Among the entries that follow, locate the line with "Kirzi 4K Active" and the line with "London England old". Output those lines and all lines in between, exactly, minus the pictures.

=== Material provided ===
__________________________________________________

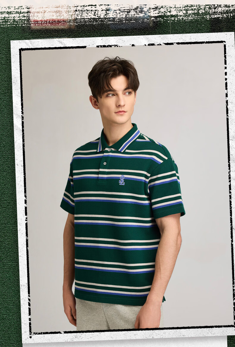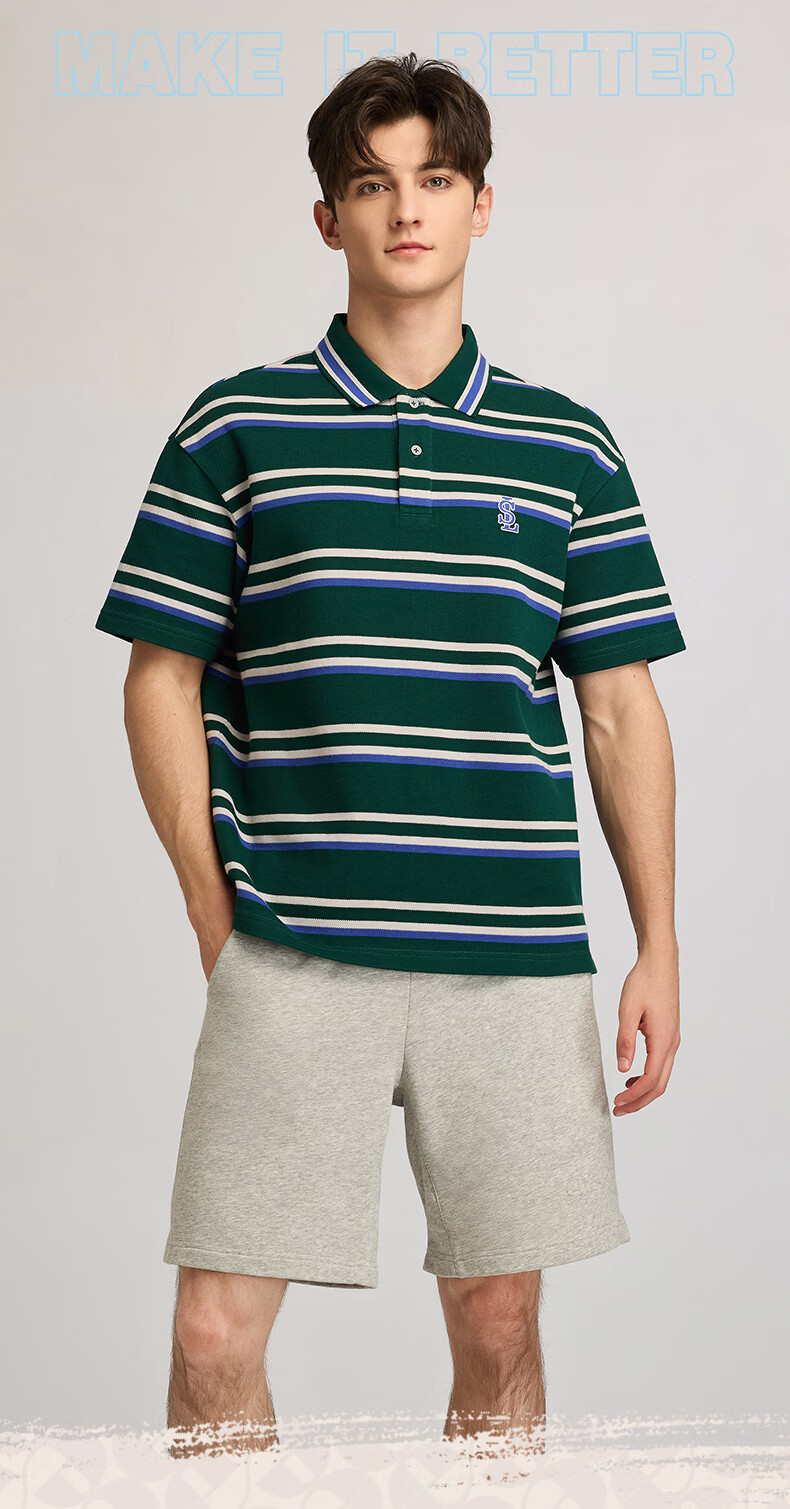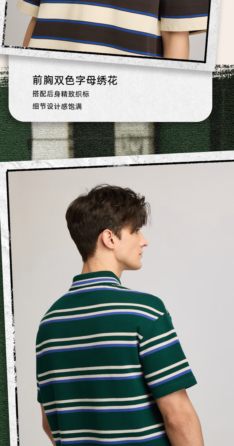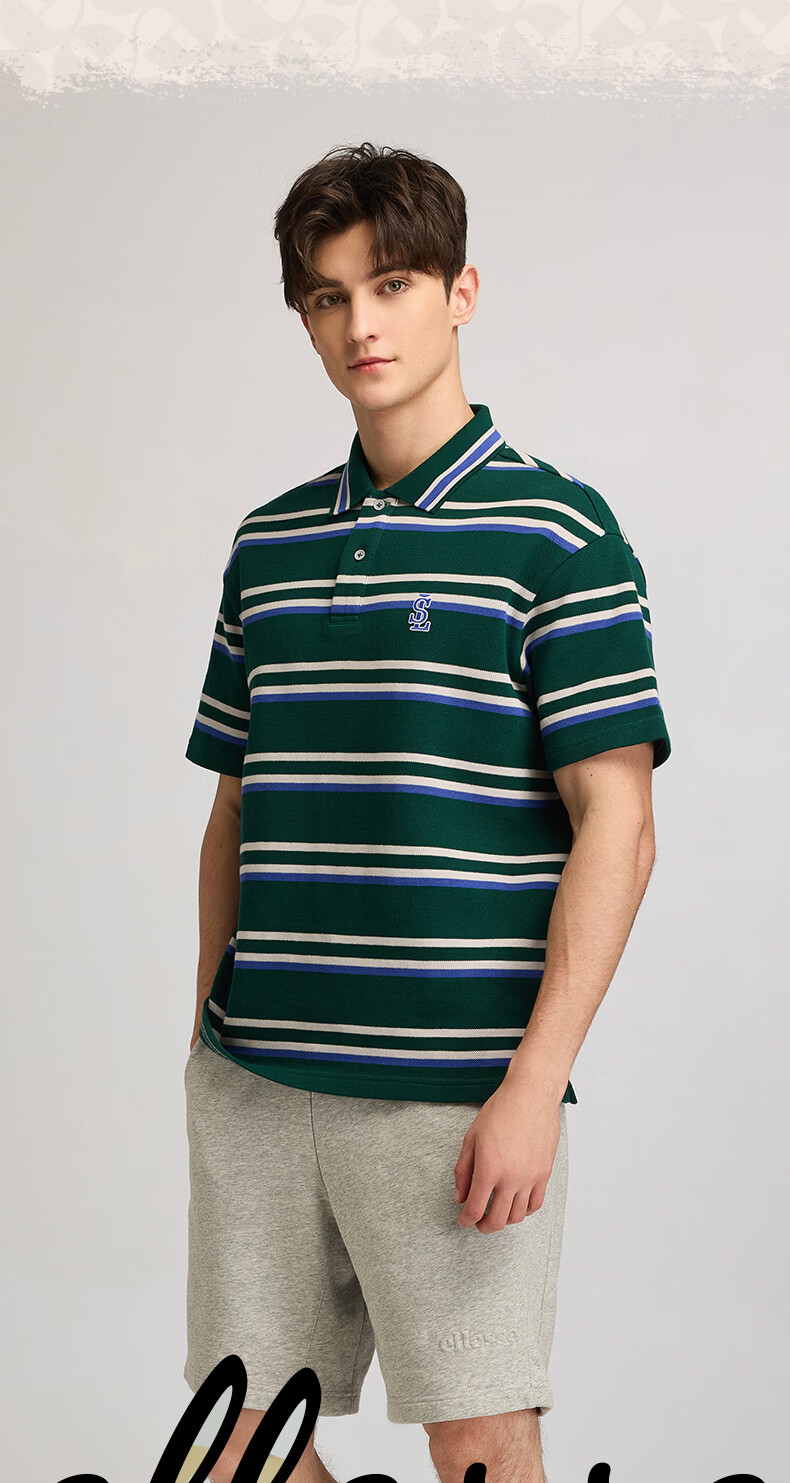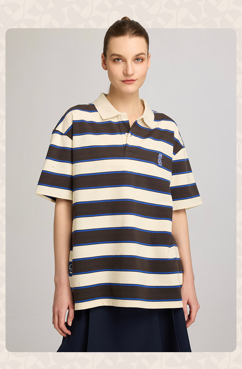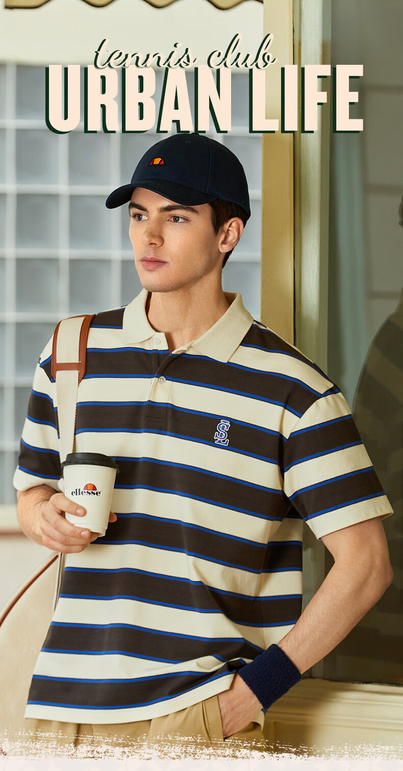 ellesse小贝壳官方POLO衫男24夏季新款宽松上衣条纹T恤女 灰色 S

__________________________________________________

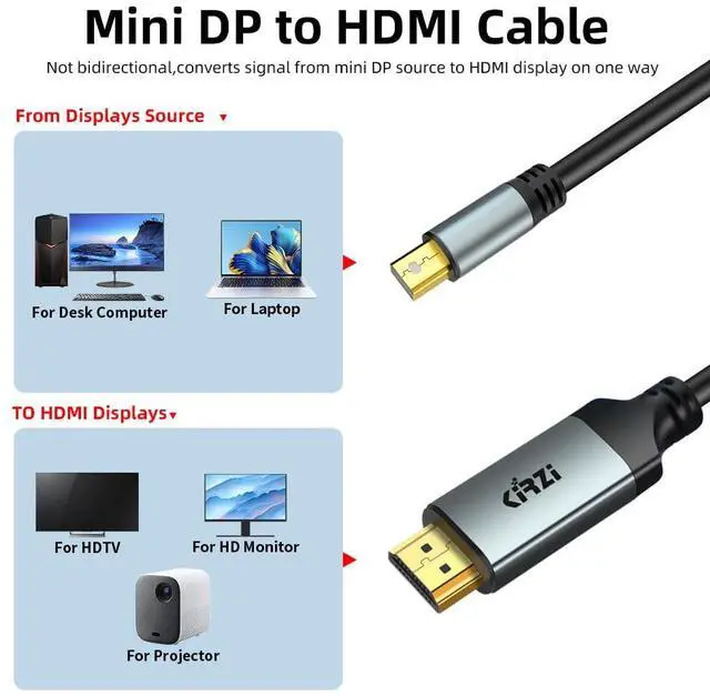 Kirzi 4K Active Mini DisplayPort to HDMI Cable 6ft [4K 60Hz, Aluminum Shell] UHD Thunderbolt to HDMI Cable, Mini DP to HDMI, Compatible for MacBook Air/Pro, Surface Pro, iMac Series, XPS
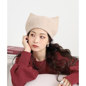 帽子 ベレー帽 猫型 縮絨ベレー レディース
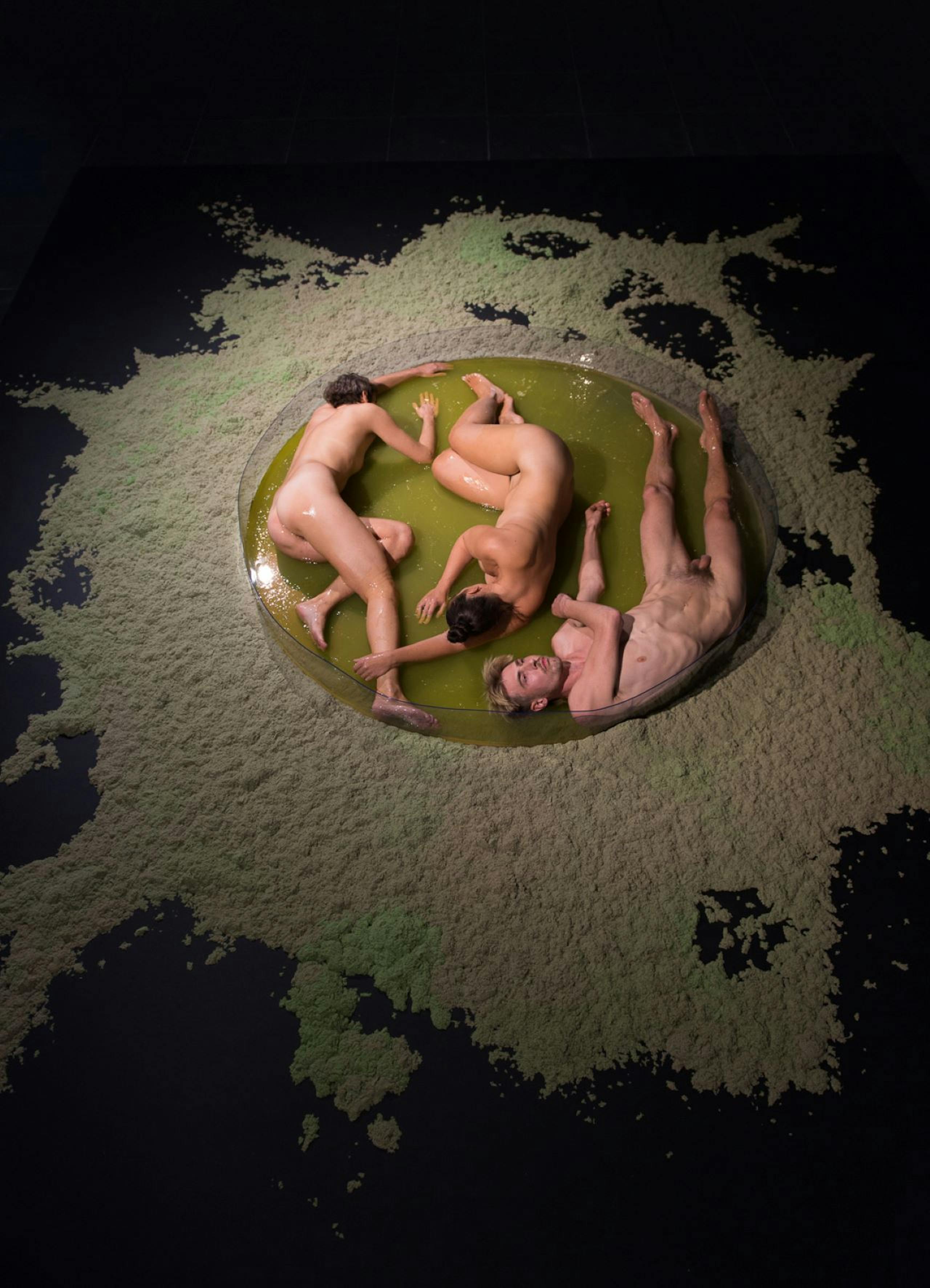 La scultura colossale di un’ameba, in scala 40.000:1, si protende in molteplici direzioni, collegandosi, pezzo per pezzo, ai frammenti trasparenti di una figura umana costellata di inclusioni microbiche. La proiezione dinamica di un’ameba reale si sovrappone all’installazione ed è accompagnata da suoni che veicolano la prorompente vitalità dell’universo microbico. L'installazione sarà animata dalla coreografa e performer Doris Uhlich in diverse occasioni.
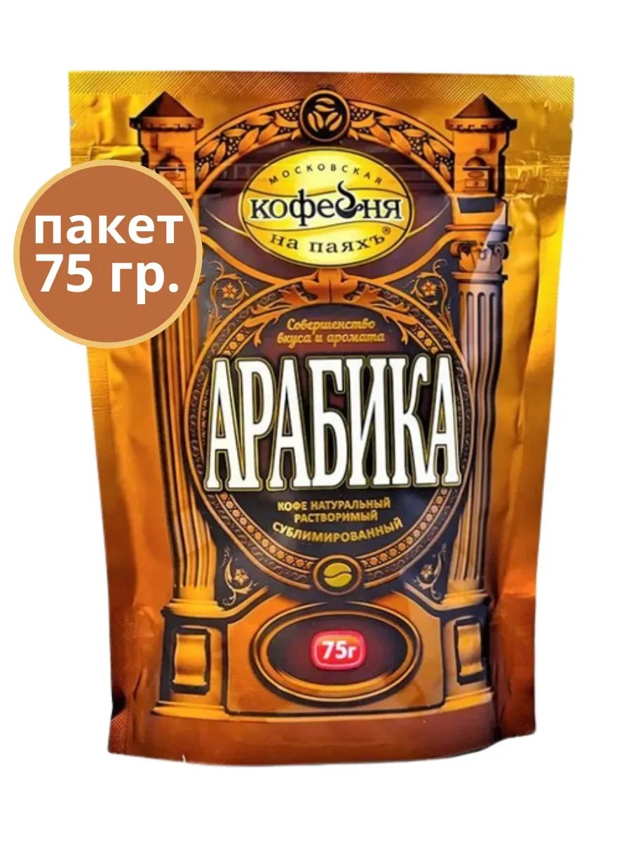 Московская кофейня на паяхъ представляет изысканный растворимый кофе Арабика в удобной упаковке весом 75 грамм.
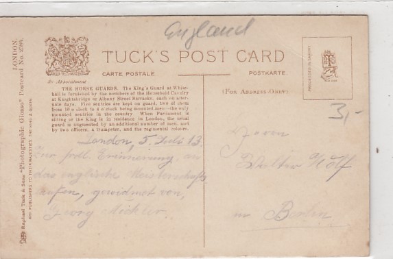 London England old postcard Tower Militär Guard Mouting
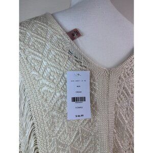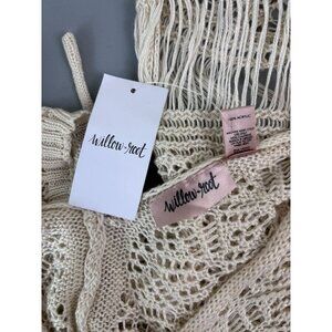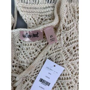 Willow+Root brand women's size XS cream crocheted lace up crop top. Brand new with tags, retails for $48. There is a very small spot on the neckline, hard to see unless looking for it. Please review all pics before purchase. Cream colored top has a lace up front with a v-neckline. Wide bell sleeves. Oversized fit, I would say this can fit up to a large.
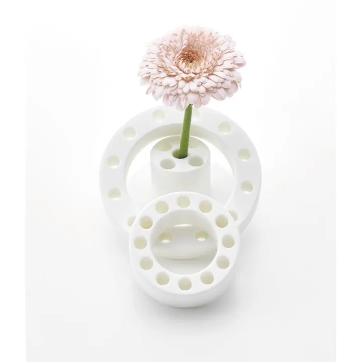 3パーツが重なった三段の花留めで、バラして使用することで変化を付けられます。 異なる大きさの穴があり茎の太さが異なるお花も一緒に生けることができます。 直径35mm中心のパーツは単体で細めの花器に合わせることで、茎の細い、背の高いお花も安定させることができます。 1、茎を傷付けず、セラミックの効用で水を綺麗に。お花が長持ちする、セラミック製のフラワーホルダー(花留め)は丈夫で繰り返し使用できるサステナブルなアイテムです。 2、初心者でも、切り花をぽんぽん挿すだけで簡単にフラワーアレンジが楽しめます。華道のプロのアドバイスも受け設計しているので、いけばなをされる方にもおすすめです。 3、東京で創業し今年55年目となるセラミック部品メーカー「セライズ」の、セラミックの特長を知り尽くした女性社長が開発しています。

__________________________________________________

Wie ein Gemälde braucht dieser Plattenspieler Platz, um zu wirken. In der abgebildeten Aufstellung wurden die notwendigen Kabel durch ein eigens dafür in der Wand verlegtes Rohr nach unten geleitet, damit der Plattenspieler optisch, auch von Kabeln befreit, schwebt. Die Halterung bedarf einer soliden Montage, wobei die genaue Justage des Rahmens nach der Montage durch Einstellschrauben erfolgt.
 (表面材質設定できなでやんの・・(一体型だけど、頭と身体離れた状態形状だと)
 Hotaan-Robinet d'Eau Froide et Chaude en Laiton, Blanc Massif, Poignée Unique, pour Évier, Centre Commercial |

__________________________________________________

=== Solution for this exercise ===
 Kirzi 4K Active Mini DisplayPort to HDMI Cable 6ft [4K 60Hz, Aluminum Shell] UHD Thunderbolt to HDMI Cable, Mini DP to HDMI, Compatible for MacBook Air/Pro, Surface Pro, iMac Series, XPS
 帽子 ベレー帽 猫型 縮絨ベレー レディース
 La scultura colossale di un’ameba, in scala 40.000:1, si protende in molteplici direzioni, collegandosi, pezzo per pezzo, ai frammenti trasparenti di una figura umana costellata di inclusioni microbiche. La proiezione dinamica di un’ameba reale si sovrappone all’installazione ed è accompagnata da suoni che veicolano la prorompente vitalità dell’universo microbico. L'installazione sarà animata dalla coreografa e performer Doris Uhlich in diverse occasioni.
 Московская кофейня на паяхъ представляет изысканный растворимый кофе Арабика в удобной упаковке весом 75 грамм.
 London England old postcard Tower Militär Guard Mouting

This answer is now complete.